[Rd] common base functions stripping S3 class

Tue Nov 18 14:15:32 CET 2014

On 17/11/2014, 4:23 PM, Murat Tasan wrote:
> Yeah, my biggest stumbling-point while starting to write S3 classes
> was the some-default-methods-preserve class, and
> some-default-methods-don't-preserve class dichotomy.
> But I'm not sure it's so "easy" to figure this out without more
> documentation... (though my experience is n = 1, and I might be
> particularly slow).

What I meant is that you can just try it.  If you think your users will
want to subset your object, then you can try it yourself, and you'll see
that you need to write a `[` method.

Duncan Murdoch

> 
> The most common motivating example for S3 classes (I've seen) is
> overriding plot().
> I imagine many people would want to take a base structure (e.g. a
> simple vector) and 'class-ify' it solely for the purposes of
> encapsulating domain-specific plotting commands:
> 
> MyClass <- function(x) structure(x, class = "MyClass")
> plot.MyClass <- function(...) ## large complicated plotting function here.
> 
> Those examples, however, basically never mention the need to then
> override/implement many other common methods, `c`, `[`, `unique`,
> `as.list`, `as.data.frame`, etc.
> I believe this is a _huge_ tripping point for new-comers to R
> programming (even if they are not new-comers to programming more
> generally).
> In my own experience, I had to work backwards by finding methods that
> dropped my class, then examine the source for those methods, find the
> underlying calls in those methods that dropped the class, and continue
> on down the (rabbit hole) call stack... this is hardly ideal for any
> programmer, I think, experienced or novice.
> 
> In the end, I completely understand your point (e.g. with the sorted
> numbers example), and I don't know how to resolve the issue, save
> perhaps for more explicit warnings when introducing S3 programming?
> 
> My own solution, by the way, is to define a single ancestor class that
> either (i) errors immediately if some assumptions fail, or (ii)
> dispatch to the default method while working to properly restore class
> attributes of the return object.
> Most of my 'useful' classes inherit from this 'dummy' ancestor class,
> just to save a lot of re-writing dispatch code.
> An example of where I error-out immediately is something like `c`,
> where I'll check to make sure all args are of the same class type...
> if they aren't, I could use R's coercion rules, but I've opted for the
> 'type-safe' approach of mixing variables when dealing with my own
> custom classes.
> An example of where I opt for preserving class is `[`.
> If I write a class where subsetting doesn't make sense, I'll have to
> write a fail-fast implementation of `[` for that specific class.
> The whole thing seems... inelegant (for lack of a better word), which
> is what prompted my post in the first place.
> 
> Cheers, and thanks for the discussion and points... they're definitely
> helpful in guiding development.
> 
> -murat
> 
> 
> On Mon, Nov 17, 2014 at 9:19 AM, Duncan Murdoch
> <murdoch.duncan at gmail.com> wrote:
>> On 17/11/2014 10:41 AM, Hadley Wickham wrote:
>>>
>>>> Generally the idea is that the class should be stripped because R has no
>>>> way of knowing if the new object, for example unique(obj), still has the
>>>> necessary properties to be considered to be of the same class as obj.
>>>> Only the author of the class knows that.  S4 would help a bit here, but
>>>> only structurally (it could detect when the object couldn't possibly be
>>>> of the right class), not semantically.
>>>
>>> There are two possible ways that S3 methods could handle subclasses:
>>>
>>> * preserve by default (would also have preserve all attributes)
>>> * drop by default
>>>
>>> If you could really on either system consistently, I think you could
>>> write correct code.

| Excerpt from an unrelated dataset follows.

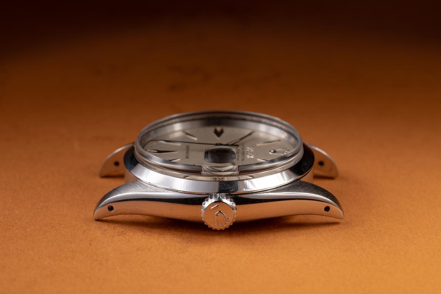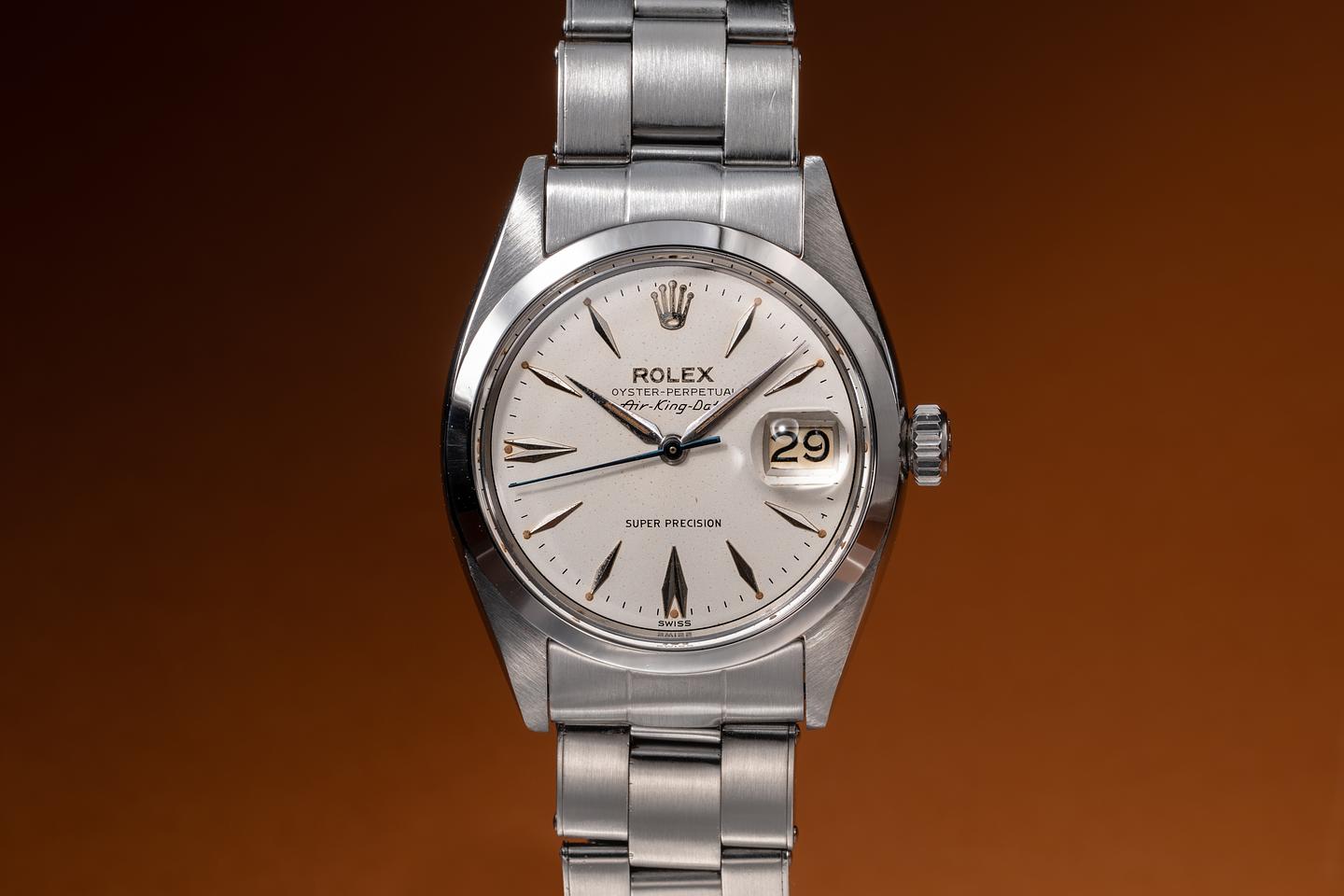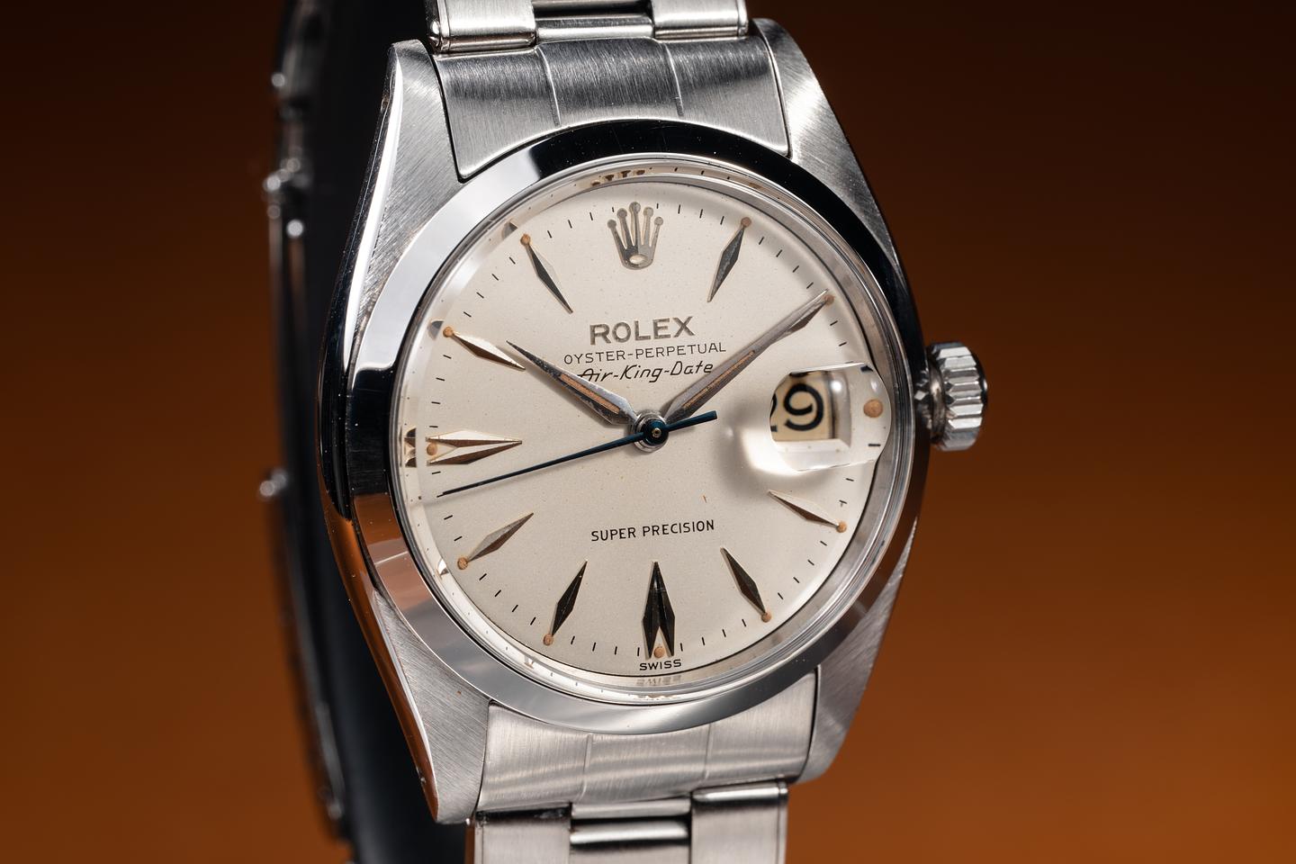 Dial: The rare Air King Date silver dial is excellent, showing a subtle speckling patina and only very light wear for its age. The lume has aged to a warm, vibrant, creamy hue, and the dauphine hands match perfectly.

It's very hard when the defaults vary.
>>>
>>> (In other words, I agree with everything you said, except I think if
>>> the default was to preserve you could still write correct code)
>>
>>
>> I don't see how default preserving could work.
>>
>> For example, I might define a "SortedNumbers" class, which is a vector of
>> numbers in non-decreasing order.  I could define min() and max() methods for
>> it which would be really fast, because they only need to look at the first
>> or last elements.  But a rev() method wouldn't make sense, so I wouldn't
>> define one of those.
>>
>> If the rev() default method left the class as "SortedNumbers", then my min()
>> and max() calculations would end up broken.
>> So maybe I should have defined a rev() method that just stops with an error.
>> But classes don't own methods, so I'd have no way of knowing that someone
>> else defined a new generic (e.g. shuffle()) that broke things.  I don't see
>> any way around this within the S3 system.
>>
>> In fact, some default methods do preserve the class, for example the
>> replacement method `[<-`.  I could take a SortedNumbers vector of the
>> numbers 1:10, and set element 1 to 11, and end up breaking min() and max().
>> This is a problem with the current design.
>>
>> Probably we should do a better job of documenting which methods preserve the
>> class and which ones don't.  (For example, `[` doesn't preserve the class,
>> even though it would be fine to do so in this example.)  But there are a lot
>> of things to do, and this is one thing that is pretty easy to figure out
>> without documentation, so I'd say it's a low priority.
>>
>> Duncan Murdoch
>>
>>